**What the task requires:** Reproduce, exactly and in full, the lines from the one with "- Dubbel bovenhuis van ca. 67m² (NEN2580)" through the one with "As ações foram" in the data below; drop pictures.

[Opening Raw data section]

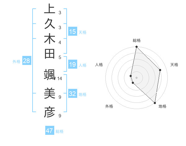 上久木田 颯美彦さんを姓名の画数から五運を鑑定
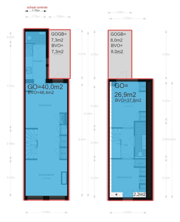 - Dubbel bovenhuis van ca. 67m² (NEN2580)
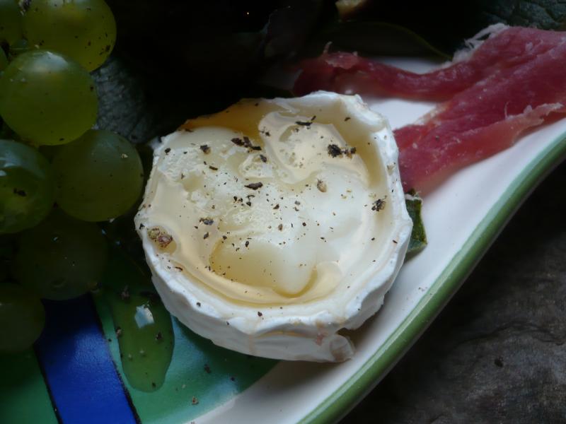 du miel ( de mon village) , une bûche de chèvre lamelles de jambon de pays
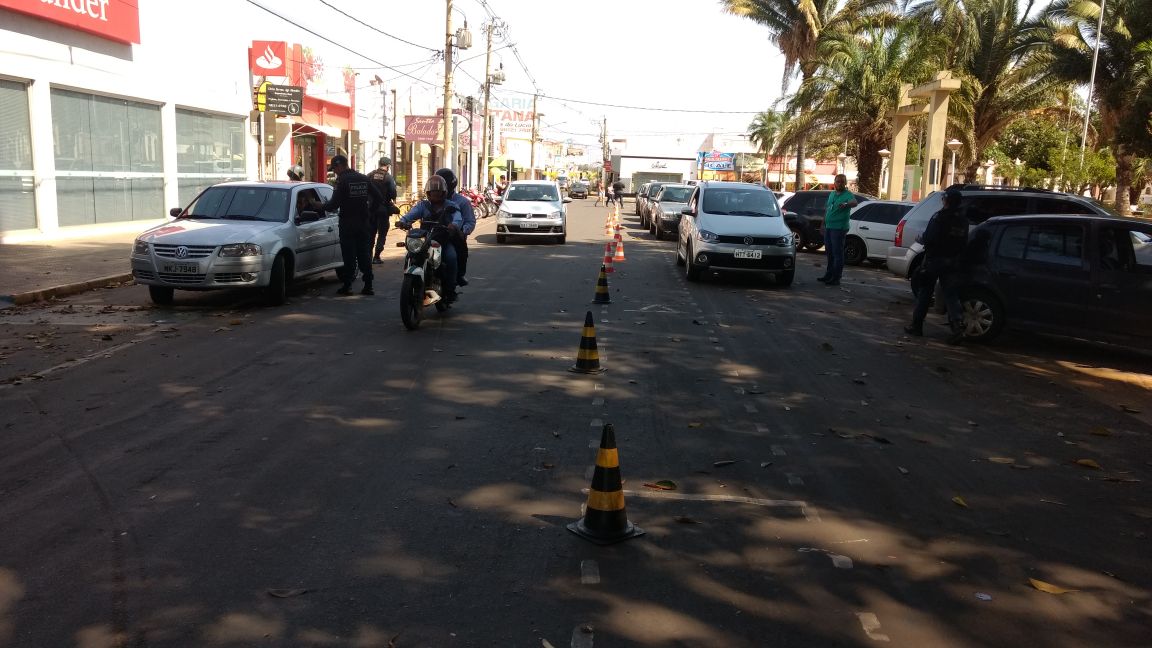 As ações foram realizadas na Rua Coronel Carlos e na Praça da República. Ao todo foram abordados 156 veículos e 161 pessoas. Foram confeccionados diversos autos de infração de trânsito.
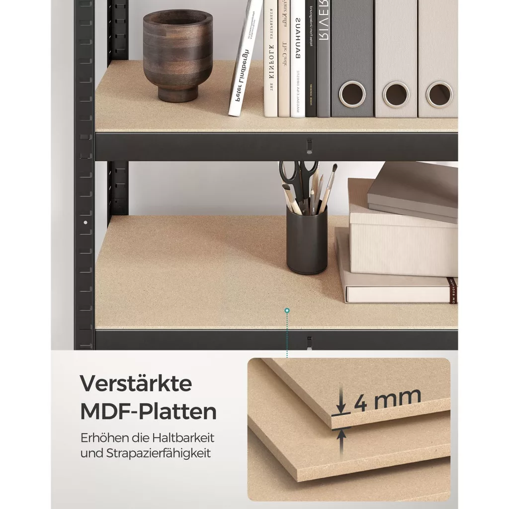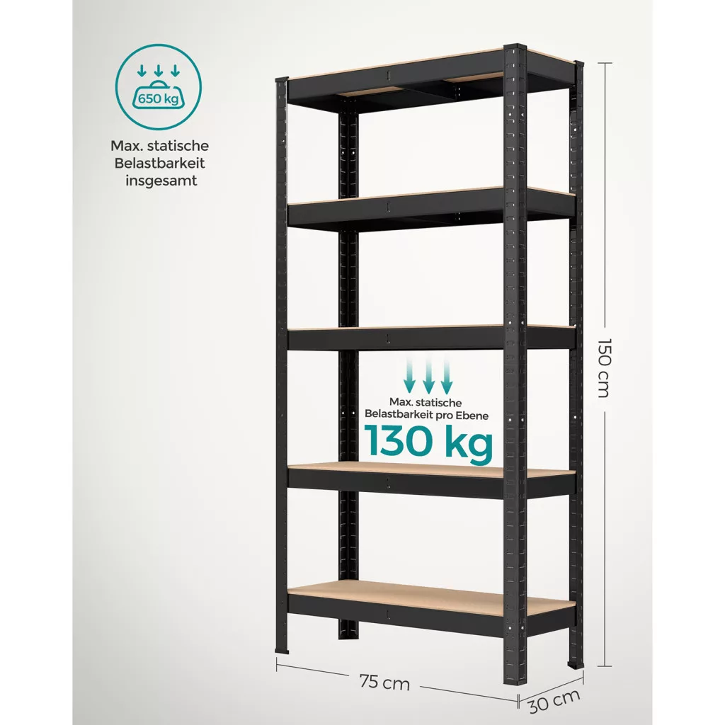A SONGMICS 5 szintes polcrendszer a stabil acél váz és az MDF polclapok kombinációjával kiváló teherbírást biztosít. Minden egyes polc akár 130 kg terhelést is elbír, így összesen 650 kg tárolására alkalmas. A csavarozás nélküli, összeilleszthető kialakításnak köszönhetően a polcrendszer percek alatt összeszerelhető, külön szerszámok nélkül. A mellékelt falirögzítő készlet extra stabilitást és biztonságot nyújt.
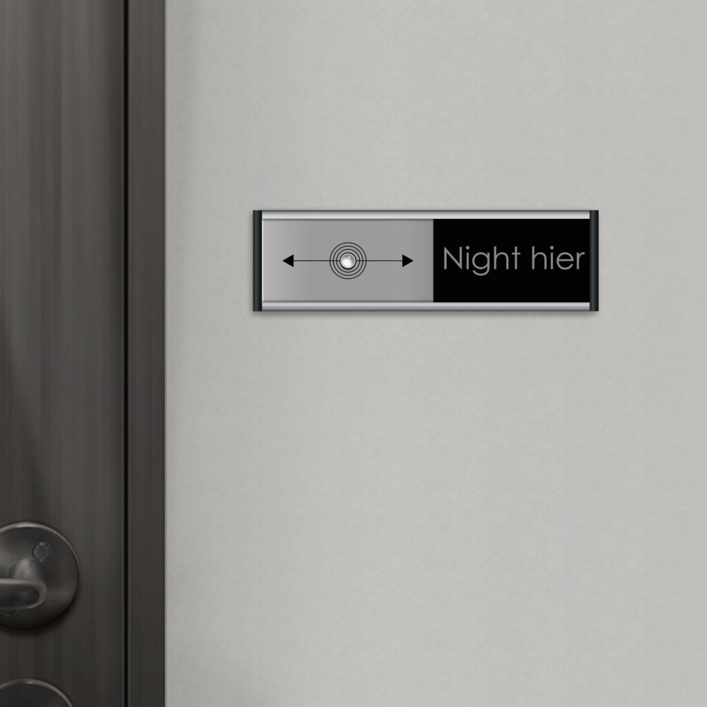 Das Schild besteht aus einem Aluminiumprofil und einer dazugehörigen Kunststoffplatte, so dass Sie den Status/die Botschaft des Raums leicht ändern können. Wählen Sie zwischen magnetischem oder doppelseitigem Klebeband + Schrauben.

[Closing Raw data section]
[Opening Raw data section]

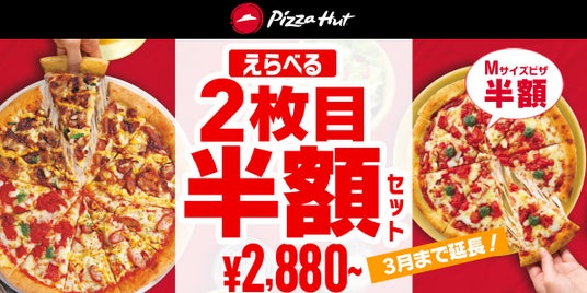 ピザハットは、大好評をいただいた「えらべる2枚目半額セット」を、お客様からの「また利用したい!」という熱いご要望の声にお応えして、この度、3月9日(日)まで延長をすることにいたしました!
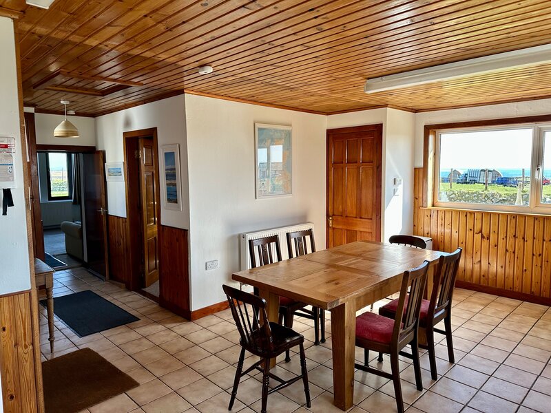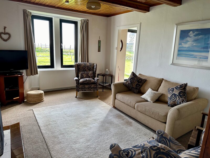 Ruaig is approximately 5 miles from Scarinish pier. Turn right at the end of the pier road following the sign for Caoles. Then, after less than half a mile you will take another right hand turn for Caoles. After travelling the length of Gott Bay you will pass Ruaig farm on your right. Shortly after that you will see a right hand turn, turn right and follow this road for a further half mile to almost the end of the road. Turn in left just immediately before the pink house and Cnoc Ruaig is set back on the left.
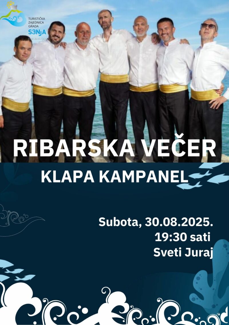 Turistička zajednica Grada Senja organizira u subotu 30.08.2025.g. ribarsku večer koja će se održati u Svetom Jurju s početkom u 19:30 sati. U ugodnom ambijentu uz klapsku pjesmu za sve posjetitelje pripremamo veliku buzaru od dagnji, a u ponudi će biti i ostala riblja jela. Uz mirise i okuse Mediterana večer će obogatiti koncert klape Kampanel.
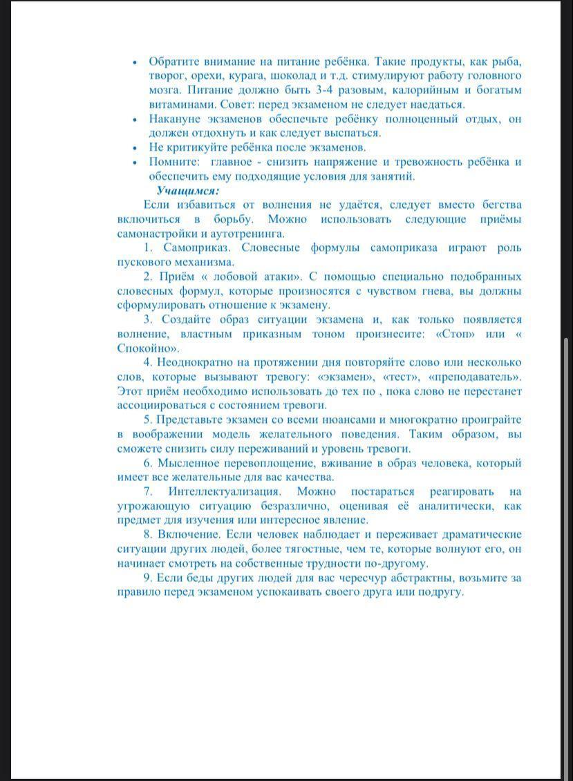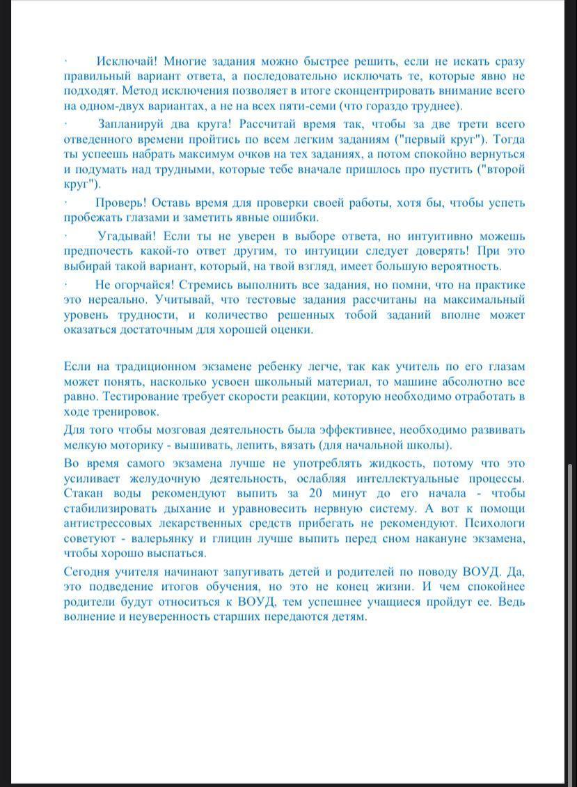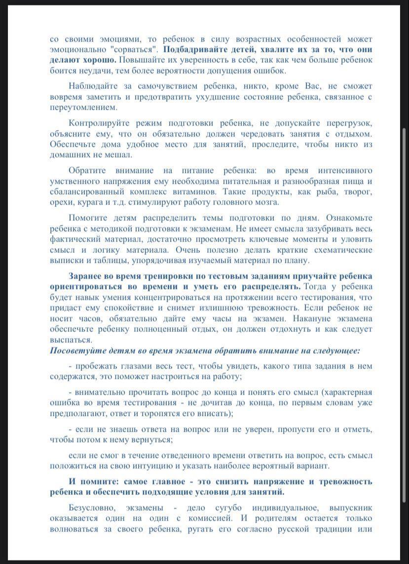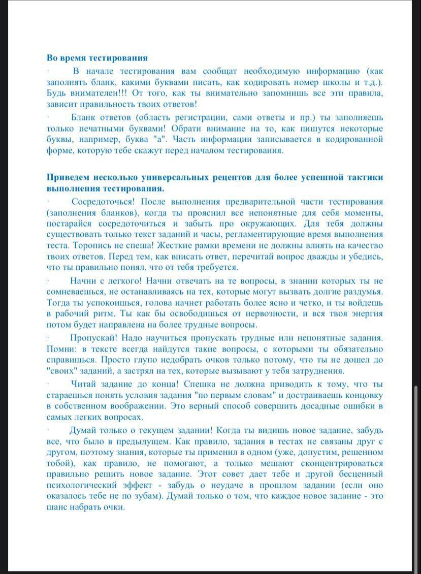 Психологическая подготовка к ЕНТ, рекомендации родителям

[Closing Raw data section]
[Opening Raw data section]

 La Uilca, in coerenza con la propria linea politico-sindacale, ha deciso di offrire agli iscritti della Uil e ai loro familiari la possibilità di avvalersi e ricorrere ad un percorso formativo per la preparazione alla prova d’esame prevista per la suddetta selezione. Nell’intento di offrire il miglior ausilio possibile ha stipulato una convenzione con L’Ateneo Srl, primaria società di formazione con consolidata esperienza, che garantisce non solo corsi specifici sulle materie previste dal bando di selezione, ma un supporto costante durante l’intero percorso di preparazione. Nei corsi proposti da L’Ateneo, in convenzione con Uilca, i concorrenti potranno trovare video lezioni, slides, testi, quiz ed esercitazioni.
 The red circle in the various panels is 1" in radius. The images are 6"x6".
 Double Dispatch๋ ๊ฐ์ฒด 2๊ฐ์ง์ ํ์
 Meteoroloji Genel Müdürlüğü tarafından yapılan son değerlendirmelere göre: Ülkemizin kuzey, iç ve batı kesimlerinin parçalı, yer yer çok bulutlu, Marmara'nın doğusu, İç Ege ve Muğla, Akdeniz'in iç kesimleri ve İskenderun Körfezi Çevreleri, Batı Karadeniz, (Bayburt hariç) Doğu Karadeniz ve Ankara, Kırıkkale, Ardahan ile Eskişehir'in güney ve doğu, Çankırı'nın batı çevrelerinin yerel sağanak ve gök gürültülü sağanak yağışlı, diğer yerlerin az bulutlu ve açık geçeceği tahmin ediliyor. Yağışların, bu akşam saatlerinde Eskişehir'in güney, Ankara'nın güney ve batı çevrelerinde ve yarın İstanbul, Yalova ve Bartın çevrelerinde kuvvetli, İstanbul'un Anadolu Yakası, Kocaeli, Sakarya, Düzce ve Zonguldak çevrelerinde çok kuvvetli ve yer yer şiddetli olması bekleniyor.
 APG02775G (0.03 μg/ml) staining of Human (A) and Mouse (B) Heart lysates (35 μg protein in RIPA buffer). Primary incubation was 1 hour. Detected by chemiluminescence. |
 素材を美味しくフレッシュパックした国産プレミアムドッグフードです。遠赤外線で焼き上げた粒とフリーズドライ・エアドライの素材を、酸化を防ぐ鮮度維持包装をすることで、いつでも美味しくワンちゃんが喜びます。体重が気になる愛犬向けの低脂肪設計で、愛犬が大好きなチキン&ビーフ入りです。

[Closing Raw data section]

**Task result:**
 - Dubbel bovenhuis van ca. 67m² (NEN2580)
 du miel ( de mon village) , une bûche de chèvre lamelles de jambon de pays
 As ações foram realizadas na Rua Coronel Carlos e na Praça da República. Ao todo foram abordados 156 veículos e 161 pessoas. Foram confeccionados diversos autos de infração de trânsito.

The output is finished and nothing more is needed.